Here, Vanzant claims EquiCredit and Fairbanks chose to accept
the assignment of her loans although EquiCredit and Fairbanks
should have recognized the loans were fraudulently obtained.
According to Vanzant, EquiCredit has policies and procedures to
review loan files before accepting an assignment of a loan; but
EquiCredit excused certain requirements, knew Hartford violated
industry standards, and ignored critical documents, other than
the Truth in Lending Act disclosures, in the loan files. However,
it is undisputed that neither EquiCredit nor Fairbanks ever
engaged in any communication with Vanzant in order to induce her
to enter into either loan. Moreover, upon the assignment of a
loan, EquiCredit and Fairbanks have no duty under the law regarding these requirements, industry standards,
and critical documents. Holding EquiCredit and Fairbanks liable
for fraud in this situation would "impose disclosure requirements
on assignees beyond those mandated by federal law." Jackson,
755 N.E.2d at 469.
Vanzant further contends that EquiCredit and Fairbanks
participated in the fraud. Vanzant asserts that there was a close
relationship between EquiCredit and Hartford because of the high
volume of dealings completed between these two parties. However,
Vanzant has not produced any affidavits, depositions, answers to
interrogatories, and admissions on file to demonstrate that
EquiCredit and Hartford "concocted a scheme" to defraud Vanzant.

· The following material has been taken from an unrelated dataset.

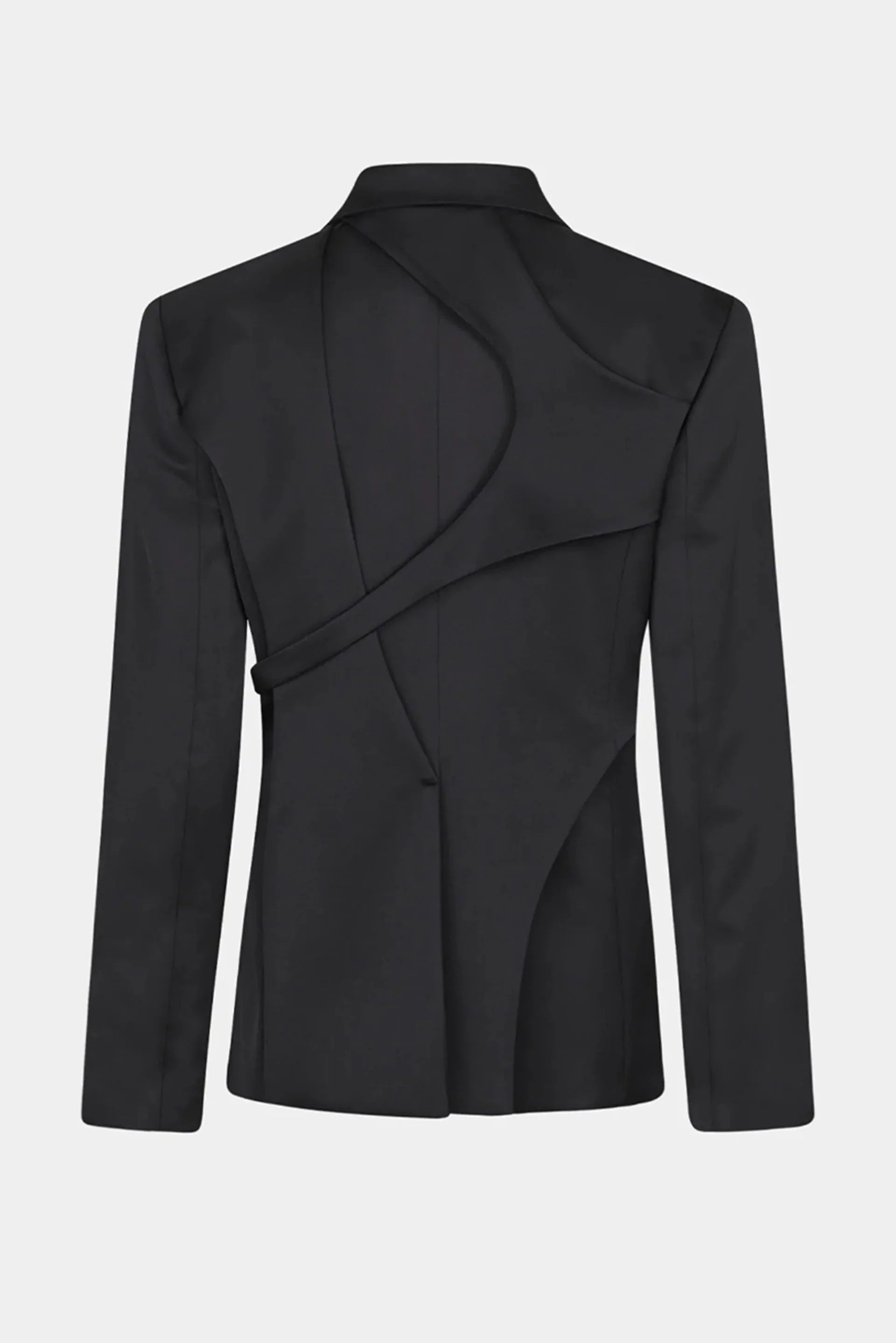 Shaped seams details and curved back panels. Cut out opening on the right side of the body. Harness shaped layer with g-hook closure. Asymmetric curved hem at left side. HE metal plate logo on the lapel. Centre front closure with concealed HE press button. Heliot Emil TM recycled polyester jacquard lining.

Vanzant has also failed to produce any affidavits, depositions,
answers to interrogatories, and admissions on file to demonstrate
that Fairbanks was involved in a scheme to defraud Vanzant.
Therefore, no genuine issue of material fact exists as to whether
EquiCredit and Fairbanks actively and directly participated in a
preassignment fraud of Vanzant.
Lastly, Vanzant argues that EquiCredit is not a holder in due
course of the loans and is, thus, liable for all borrower claims
against the originating lender. However, the holder in due course
rule operates only as a limitation upon a creditor's "right to
enforce the obligation of a party to pay an instrument." 810 ILCS
5/3-305(a). Thus, while the holder in due course rule may affect
EquiCredit's ability to enforce Vanzant's obligation, it does not
create a basis for her to sue for damages. CONCLUSION
For the foregoing reasons, EquiCredit and Fairbanks' Motion for
Summary Judgment is denied as to Count III; and EquiCredit and
Fairbanks' Motion for Summary Judgment is granted as to Count V.